The predictive performance of imaging parameters was assessed using ROC curve analysis, with corresponding AUCs, optimal cutoff values, and ROC curves presented in Figure 6. Higher opacity scores (cut-off = 5.5, AUC 0.71, 95% CI 0.62–0.79), volume of opacities (cut-off = 537.52 mL, AUC 0.71, 95% CI 0.63–0.80), percentage of opacities (cut-off = 18.85%, AUC 0.70, 95% CI 0.61–0.79), and volume of high-attenuation opacities (cut-off = 140.37 mL, AUC 0.70, 95% CI 0.61–0.80) were significantly associated with poorer outcomes.
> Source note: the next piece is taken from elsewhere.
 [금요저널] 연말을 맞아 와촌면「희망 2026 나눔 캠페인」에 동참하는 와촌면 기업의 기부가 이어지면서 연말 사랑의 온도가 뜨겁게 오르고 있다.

Lung volume showed limited discrimination (cut-off = 3023.91 mL, AUC 0.54, 95% CI 0.43–0.64). Mean HU of the total lung (cut-off = −662.38 HU, AUC 0.64, 95% CI 0.54–0.74) and mean HU of opacities (cut-off = −445.60 HU, AUC 0.59, 95% CI 0.49–0.69) showed modest discrimination.
Figure 6. ROC Curve Analysis of Imaging Parameters in Predicting Adverse Outcome.
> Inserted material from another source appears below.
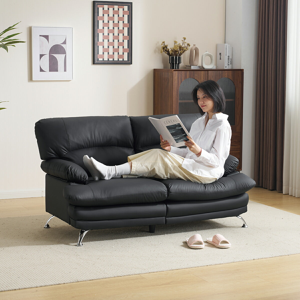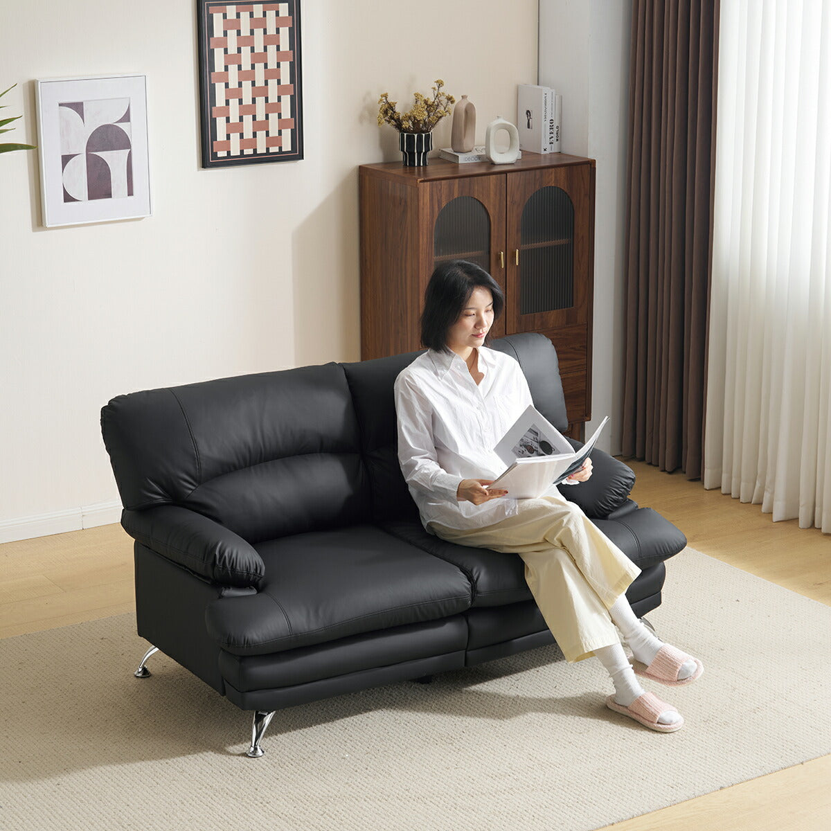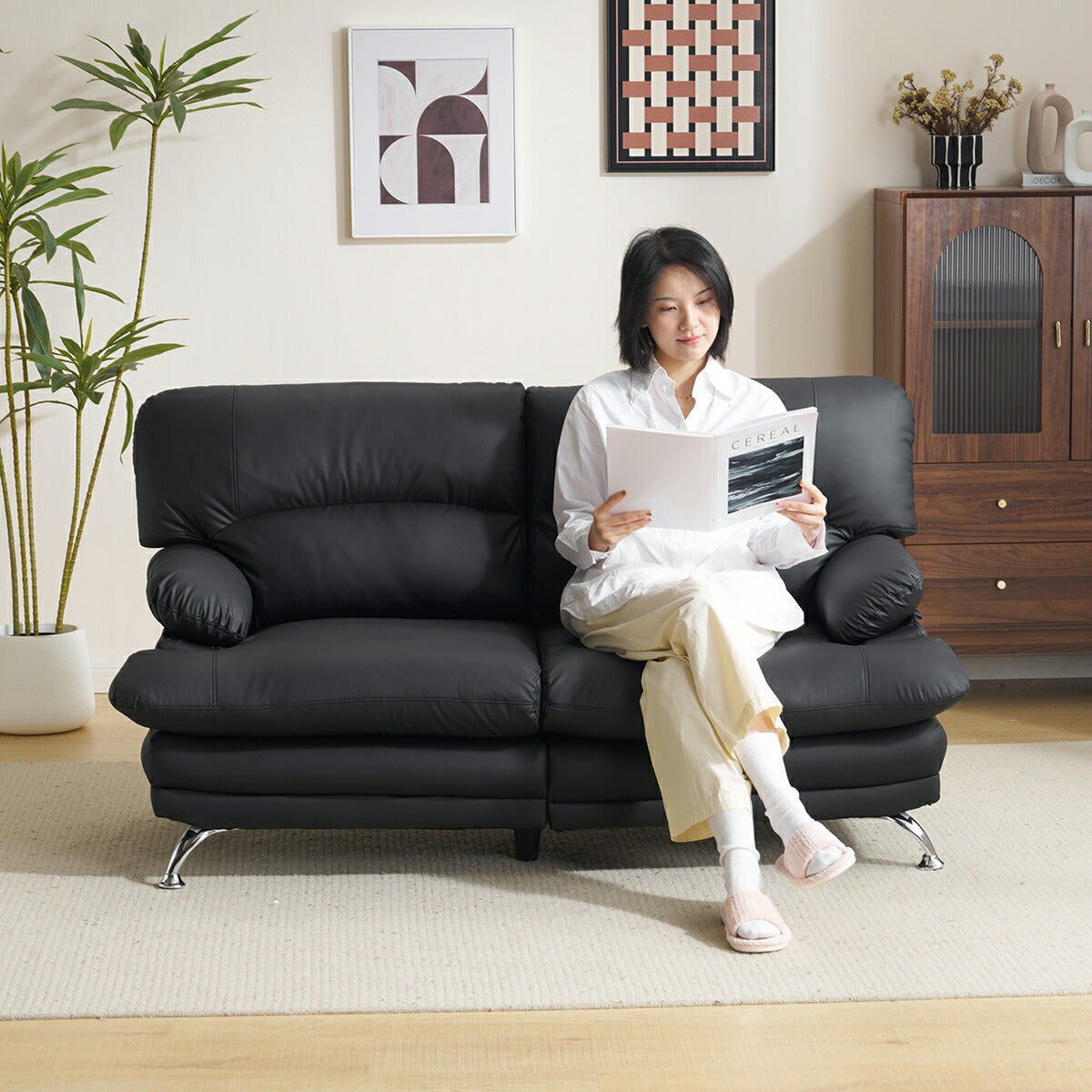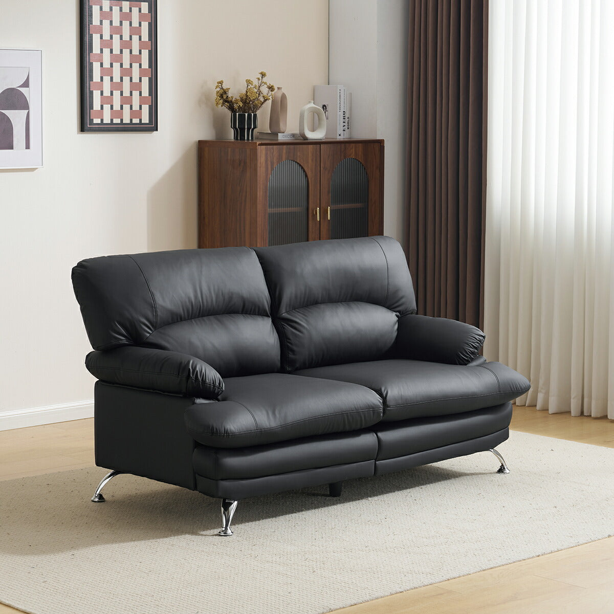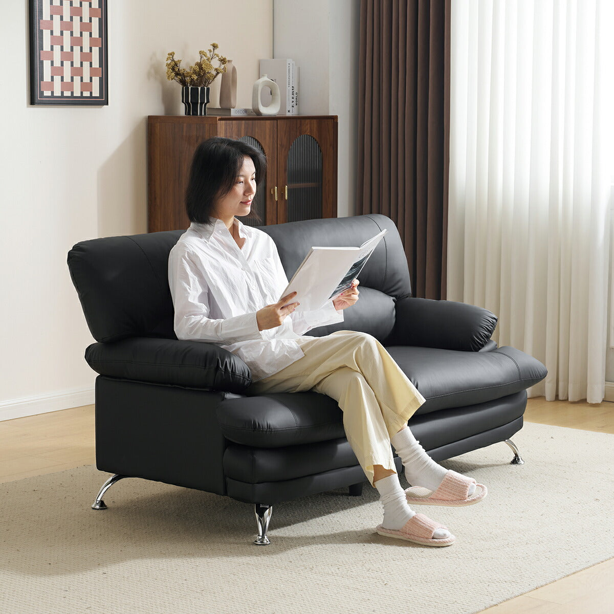 商品名 ソファ 商品番号 djyc-sofa-025 生産国 中国 組立状態 完成品 素材 ファブリック サイズ(約) ・155cm×81cm×86cm ポイント ◆商品説明 ■POINT1 上品なフォルムと心地よい座り心地 見た目と使い心地のバランスにこだわった2人掛けソファ。お部屋に置くだけで、やさしく落ち着いた雰囲気を演出します。 ■POINT2 ふんわり快適なクッション設計 背もたれ・座面ともに厚みのあるクッションを採用。体をやさしく支え、長時間座っても疲れにくい、リラックス感のある座り心地です。 ■POINT3 ゆとりのあるアームレスト 丸みを持たせたアームデザインで、肘を自然に預けられる形状。寄りかかったり、腕を休めたりと、くつろぎの姿勢を快適にサポートします。 ■POINT4 洗練されたメタル脚デザイン 滑らかなラインのメタル脚が、空間に軽やかさと上品さをプラス。見た目だけでなく、安定感もしっかり確保しています。 ■POINT5 お掃除しやすい脚高設計 脚部に高さがあるため、掃除機やロボットクリーナーも入りやすく、日々のお手入れがスムーズ。清潔な空間を保ちやすい構造です。 ■POINT6 背面まで美しい仕上がり 背面まで丁寧に仕上げたデザインで、お部屋の中央に配置しても違和感なく、すっきりとした印象を保ちます。 ■POINT7 お手入れしやすいPUレザー素材 水拭き可能で、日常のお手入れが簡単。キズに強く扱いやすいPUレザーを使用し、本革調の上品な質感で季節を問わず快適に使えます。 特記事項 ※こちらの商品は基本的に玄関先でのお渡しとなります。...

Kaplan–Meier survival curves were generated to evaluate the cumulative incidence of adverse outcomes during the follow-up period. Patients with higher opacity scores, greater volumes and percentages of pulmonary opacities, and larger volumes of high-attenuation opacities, as well as those with COPD or concurrent fungal/bacterial infections, exhibited significantly higher cumulative incidence rates of adverse outcomes and poorer prognoses (log-rank test, p < 0.05; see Figure 7 and Figure 8).
Figure 7. Kaplan–Meier Survival Curves by COPD and Concurrent Fungal/Bacterial Infection Status in COVID-19 Patients.
Figure 8. Kaplan–Meier Survival Curves by Opacity Score, Volume of Opacities, Percentage of Opacities and Volume of High-attenuation Opacities Stratification in COVID-19 Patients.
Univariate Cox regression analysis indicated that age, COPD, concurrent bacterial or fungal infections, IL-6, D-dimer, CRP, and high-value groups for opacity score, volume of opacities, percentage of opacities, volume of high-attenuation opacities and mean HU of the total lung were significantly associated with adverse outcomes (p < 0.05).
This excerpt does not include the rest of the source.